What we are likely to hear less about during this trip is human rights, which have been on the US-Saudi agenda for decades. The Trump administration is not inclined to make them as prominent of an issue as past administrations. MBS has helped himself by liberalizing his society, increasing the rights accorded to women, and working to expand the rights of guest workers. Still, human rights groups have raised the alarm that Saudi Arabia remains one of the countries ranked lowest on rights of free expression, and executions occur there at a stunning rate—300 already this year. The humanitarian crisis in Yemen also continues unabated. Still, it would be surprising to hear much, if anything, on these two specific topics.
How are Gaza and the Abraham Accords involved?
Commercial and defense discussions are, by comparison to diplomatic ones, easy to manage.

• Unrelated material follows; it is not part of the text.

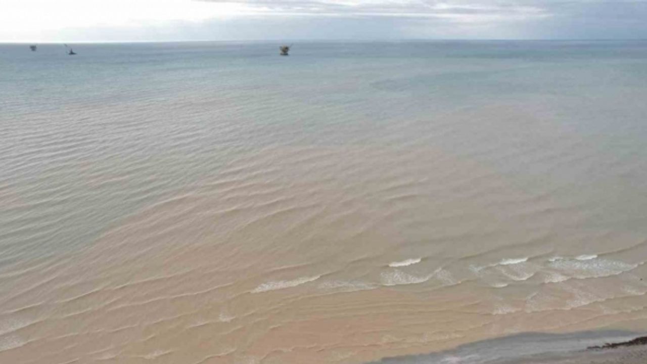 Taşkın sonrasında sular denize doğru akmaya başladı. Semizkumlar Sahili’ne akan sular nedeniyle denizin rengi de değişti. Kıyı kesimi komple kahverengiye dönen deniz, dron ile havadan görüntülendi.

The Saudis come to Washington in a bit of a tricky political spot, reluctant to join the Abraham Accords, a signature achievement of the first Trump administration. The recent announcement that Azerbaijan will join the Abraham Accords may be helpful to Trump, as it will allow him to show progress in expanding the agreement without putting the spotlight onto Saudi Arabia unduly. But Azerbaijan is hardly a substitute for Saudi Arabia.
The two leaders will certainly touch on Saudi Arabia’s evolving role in Syria and, of course, Gaza. MBS was influential in lifting American sanctions against Syria, where Turkey and Saudi Arabia have been jockeying for influence. MBS will certainly want a first-hand account of the President’s meeting with Syrian President al-Sharaa earlier this week. Signs that Hezbollah may be rearming in neighboring Lebanon add urgency.

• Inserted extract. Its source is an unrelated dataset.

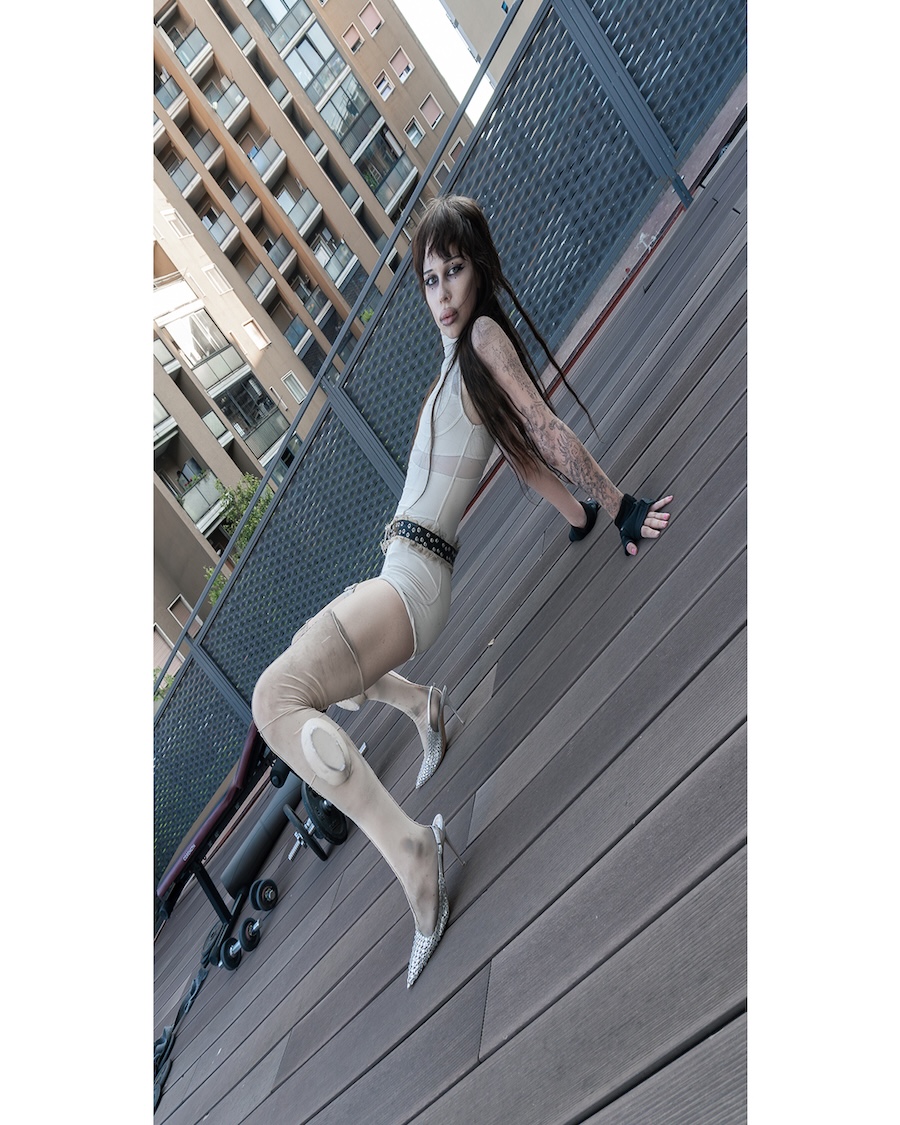 In collaboration with Milan-based artist Arisha, this editorial explores the contrast between spiritual depth and urban surface. The series presents cleaner, dreamlike visuals that resist melancholy while reaching toward a heightened sense of presence, creating tension between sacred motifs and the everyday surroundings of Milan. The cinematic postproduction process included 3D sculpture creation and particle simulations in TouchDesigner and After Effects, with carefully crafted transitions using distortion and glitch techniques. 3D face tracking was used to animate symbols beneath the skin, blending realism with surreal narrative elements in a layered visual language.

The future of Gaza and the West Bank will likely prove the trickiest shoal to navigate. The Saudis want to ensure a strong influence in leading Gaza reconstruction given that they are expected to foot a large portion of the bill. Riyadh will want to better understand any future role for Turkey and Qatar, the two countries advocating for a stronger role for Hamas in Gaza’s future.
The Saudis have dealt strongly with their own domestic political-religious opposition and have spent almost a quarter century trying to reduce their power internally. Saudi Arabia, along with the United Arab Emirates, is much less comfortable with Hamas playing a significant role in Gaza’s future. Gregg Roman, executive director of the Middle East Forum, has gone as far as saying that "Trump faces a straightforward choice between two incompatible directions for Gaza’s future. One path leads through Riyadh and Abu Dhabi; the other runs through Ankara and Doha. There is no middle ground."
What the two leaders decide on when it comes to Gaza, particularly in light of Turkish and Qatari interests, may serve as the most significant outcome of the meeting. It is also one that is unlikely to be shared in the press conferences and public talking points that will conclude November’s working visit.